# [Collected material]
-*-

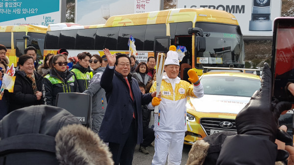 경기 광주시는 지난 7일 수원·용인시에 이어 3번째 주자로 ‘2018평창동계올림픽 성화 봉송’ 행사를 개최하고, 곤지암리조트에서 출발해 남한산성과 광주시청을 거쳐 청석공원에서 마무리되는 구간에서 성화 봉송을 진행했다. 사진은 성화를 봉송하는 관계자들의 모습. (사진제공=광주시청)
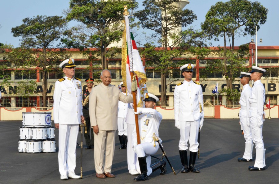 राष्ट्रपति रामनाथ कोविंद ने कहा कि हमारे व्यापार का लगभग 90 प्रतिशत हिस्सा समुद्री मार्गों से होता है, ऐसे में यह राष्ट्रीय सुरक्षा ही नहीं, बल्कि आर्थिक सुरक्षा के मामले में भी भारतीय नौसेना की भूमिका के महत्व को बढ़ाता है, जो समूचे राष्ट्र निर्माण की प्रक्रिया के व्यापक संदर्भ में भी देखा जा सकता है। राष्ट्रपति ने कहा कि एक प्रमुख शक्ति के रूपमें भारत अंतर्राष्ट्रीय सुरक्षा, व्यापार और वाणिज्य के क्षेत्र में वैश्विक प्रतिमानों को आकार देने में महत्वपूर्ण भूमिका निभाता है। उन्होंने कहा कि अंतर्राष्ट्रीय स्तरपर भारत की एक प्रमुख ताकत के रूपमें तेजी से उभरने की प्रक्रिया में हमारे सशस्त्र बलों की क्षमताओं और शौर्य ने बड़ी भूमिका निभाई है। राष्ट्रपति ने विश्वास व्यक्त किया कि आईएनएस शिवाजी व्यावसायिकता और सक्षमता के साथ अपनी भूमिका और जिम्मेदारियों का निर्वहन करते हुए आगे भी नई उपलब्धियां और उत्कृष्टता हासिल करना जारी रखेगा।
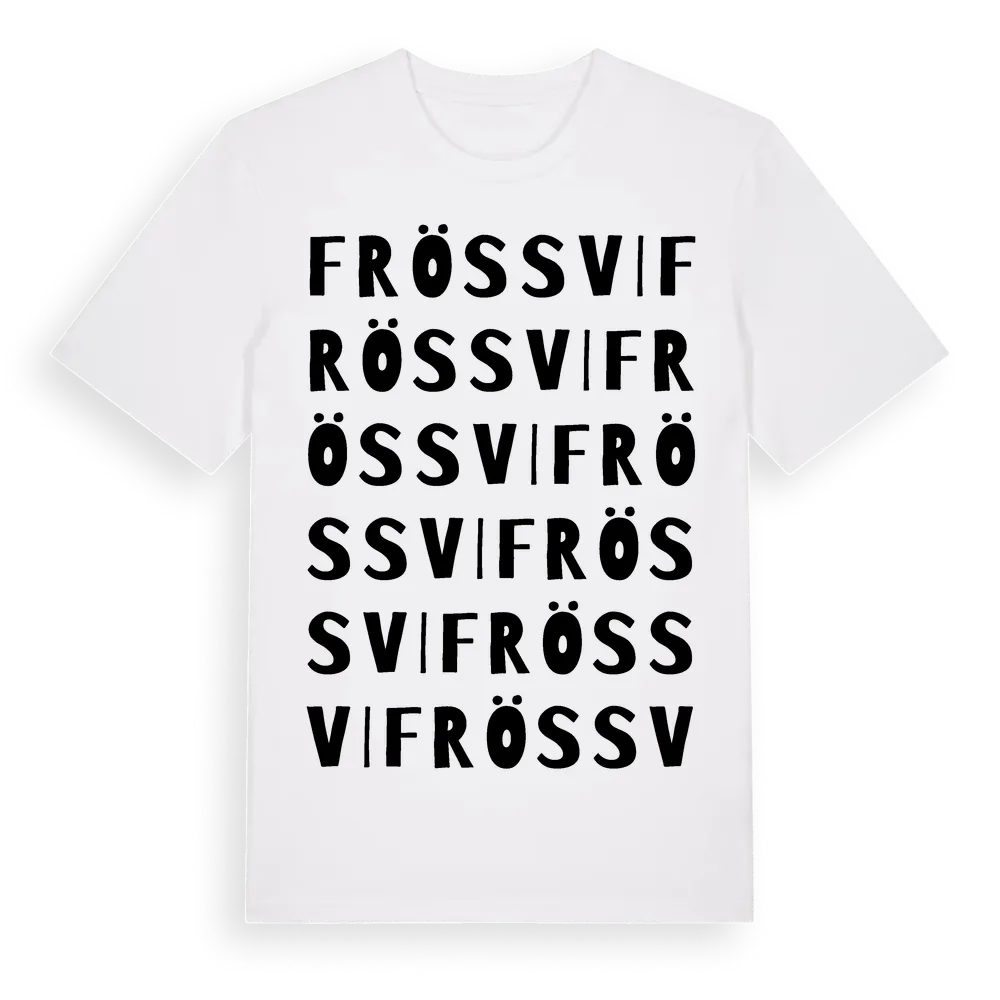 Frössvi ordlek t-shirt är inspirerad av byn Frössvi i Västmanlands län, Sverige. Tröjan är designad för dig som har en speciell koppling till platsen – oavsett om du bor här, har rötterna här eller bara älskar Frössvi.

-*-

# [Activity]
Please repeat, exactly as written, only the lines from the line with "राष्ट्रपति रामनाथ कोविंद" to the end of the data, leaving out every picture.

# [Exercise output]
 राष्ट्रपति रामनाथ कोविंद ने कहा कि हमारे व्यापार का लगभग 90 प्रतिशत हिस्सा समुद्री मार्गों से होता है, ऐसे में यह राष्ट्रीय सुरक्षा ही नहीं, बल्कि आर्थिक सुरक्षा के मामले में भी भारतीय नौसेना की भूमिका के महत्व को बढ़ाता है, जो समूचे राष्ट्र निर्माण की प्रक्रिया के व्यापक संदर्भ में भी देखा जा सकता है। राष्ट्रपति ने कहा कि एक प्रमुख शक्ति के रूपमें भारत अंतर्राष्ट्रीय सुरक्षा, व्यापार और वाणिज्य के क्षेत्र में वैश्विक प्रतिमानों को आकार देने में महत्वपूर्ण भूमिका निभाता है। उन्होंने कहा कि अंतर्राष्ट्रीय स्तरपर भारत की एक प्रमुख ताकत के रूपमें तेजी से उभरने की प्रक्रिया में हमारे सशस्त्र बलों की क्षमताओं और शौर्य ने बड़ी भूमिका निभाई है। राष्ट्रपति ने विश्वास व्यक्त किया कि आईएनएस शिवाजी व्यावसायिकता और सक्षमता के साथ अपनी भूमिका और जिम्मेदारियों का निर्वहन करते हुए आगे भी नई उपलब्धियां और उत्कृष्टता हासिल करना जारी रखेगा।
 Frössvi ordlek t-shirt är inspirerad av byn Frössvi i Västmanlands län, Sverige. Tröjan är designad för dig som har en speciell koppling till platsen – oavsett om du bor här, har rötterna här eller bara älskar Frössvi.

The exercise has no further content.